◆ WORK ORDER: Please repeat only the lines below starting at the line that holds "アニバーサリーを記念して「ぼのぼのショップ in マルイ~みんなとぼのぼの35th~」が開催しています。" and ending at the line that holds "- Review the", exactly, with both of those lines included and every picture omitted.

◆ RECORDS FOR PROCESSING:

=== Begin Enclosure ===

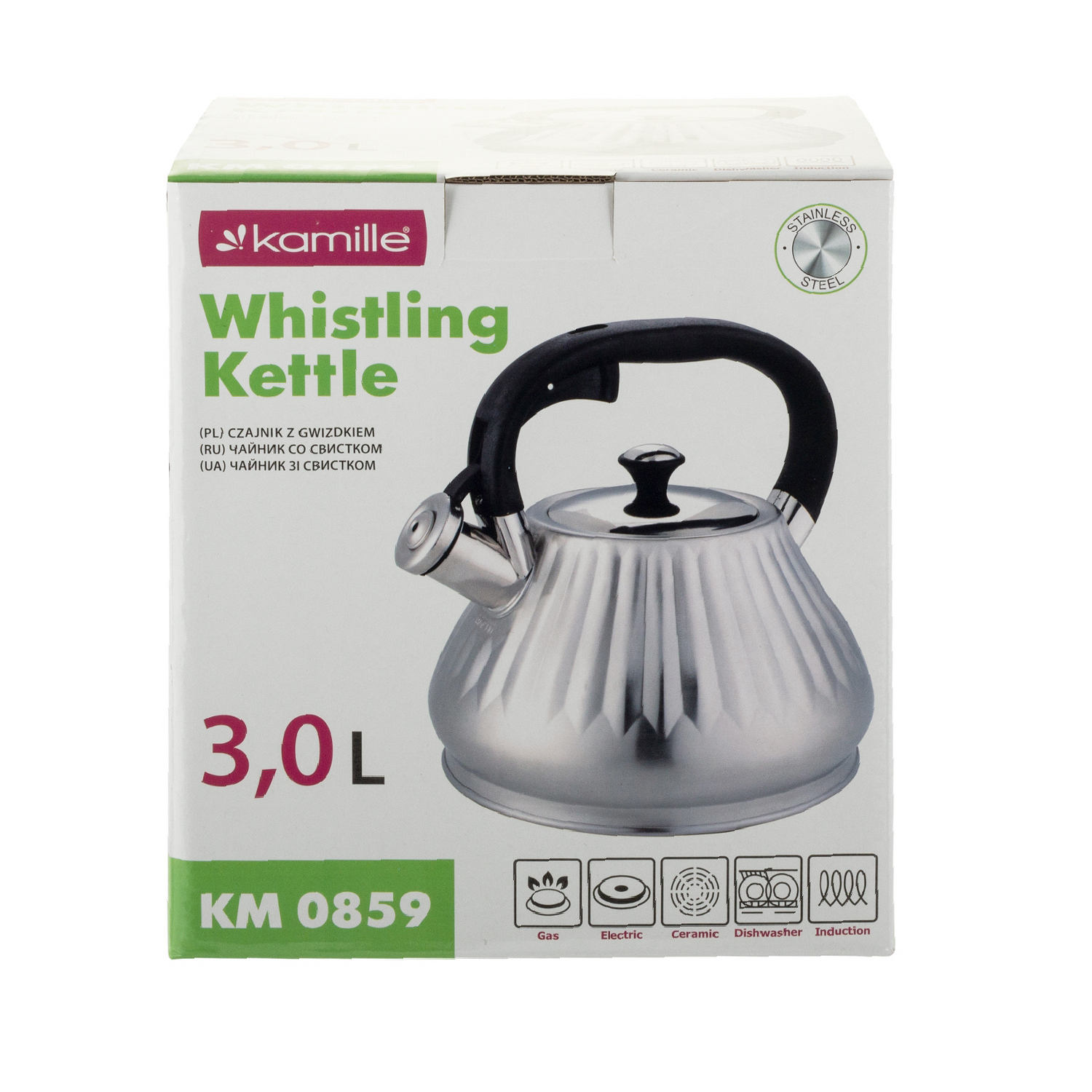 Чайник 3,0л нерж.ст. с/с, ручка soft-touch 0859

=== End Enclosure ===
=== Begin Enclosure ===

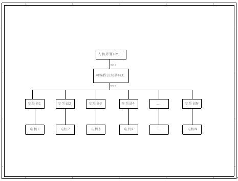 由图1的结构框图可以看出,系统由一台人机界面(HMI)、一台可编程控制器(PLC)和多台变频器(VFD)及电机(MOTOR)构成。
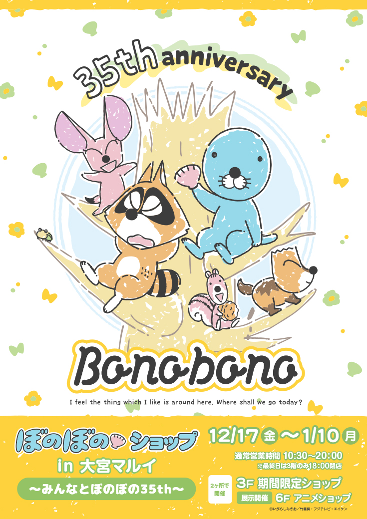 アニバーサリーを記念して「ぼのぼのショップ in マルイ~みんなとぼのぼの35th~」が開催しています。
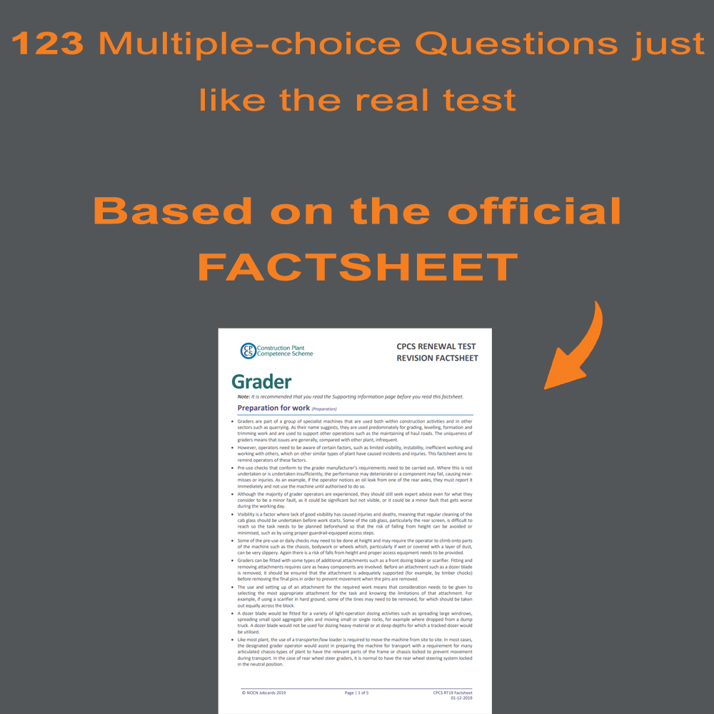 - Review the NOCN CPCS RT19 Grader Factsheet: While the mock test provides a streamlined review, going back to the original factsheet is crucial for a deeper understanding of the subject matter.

=== End Enclosure ===

◆ EXERCISE RESULT:
 アニバーサリーを記念して「ぼのぼのショップ in マルイ~みんなとぼのぼの35th~」が開催しています。
 - Review the NOCN CPCS RT19 Grader Factsheet: While the mock test provides a streamlined review, going back to the original factsheet is crucial for a deeper understanding of the subject matter.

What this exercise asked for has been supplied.